If a section is genuinely not applicable, write "N/A: " — do not silently omit.

Evidence

Each criterion needs evidence on the verification pass:

  • Screenshot or short clip for UI behavior.
  • Copied console / network output for API behavior.
  • Log snippet or activity row for telemetry.
  • Timing measurement for performance criteria.

"Looks good to me" without evidence is not a pass.

Quarantine and follow-up

  • A failing criterion blocks acceptance unless explicitly waived by the owner with a tracked follow-up issue.
  • "Known issue" without a linked follow-up is not a waiver.
  • If you add a new criterion mid-pass, restart the pass — partial coverage hides regressions.

Handoff back to the author

Return the validation plan with three sections:

  • Pass. Criteria that passed, with one-line evidence summaries.
  • Fail. Criteria that failed, with the exact reproduction.
  • Blocked. Criteria you could not run, with why.

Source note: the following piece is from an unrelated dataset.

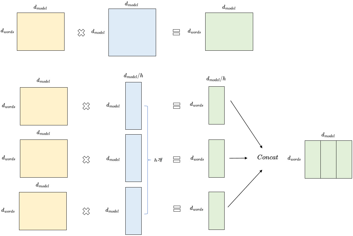 이때 논문[1]은 Multi-Head attention을 도입하는데, 이는 위와 같은 attention을 독립적으로 여러번 하겠다(=병렬로 구현하겠다)는 의미이다. Fig 2.의 오른쪽 그림이 multi-head attention을 잘 나타낸다. n개의 head가 있으며, 각각의 head는 Q, K, V를 구하기 위해 총 3번의 독립적인 linear(=FC=dense) 연산을 한다. 그리고 n개의 head의 output을 하나의 vector로 concatenate 하면 최종 output이 나온다. 미리 각 attention마다 결과값을 저장할 메모리 offset을 구해서 그 위치에 저장만 하면 concatenation도 병렬로 쉽게 구현할 수 있다. 즉 n개의 head는 병렬로 매우 쉽게 처리할 수 있다.

The author owns turning failures into either fixes or accepted deferrals.

Anti-patterns

  • Acceptance phrased as test plan ("write a Cypress test for X"). Acceptance is what is true after the change ships; tests are how you check.
  • Criteria that depend on inspecting implementation details (selectors, query plans). Stay observable.
  • Long checklists with no priority. Mark must-pass criteria distinctly from nice-to-have.
  • Validation reports that say "passed" with no evidence. Reviewers cannot audit those.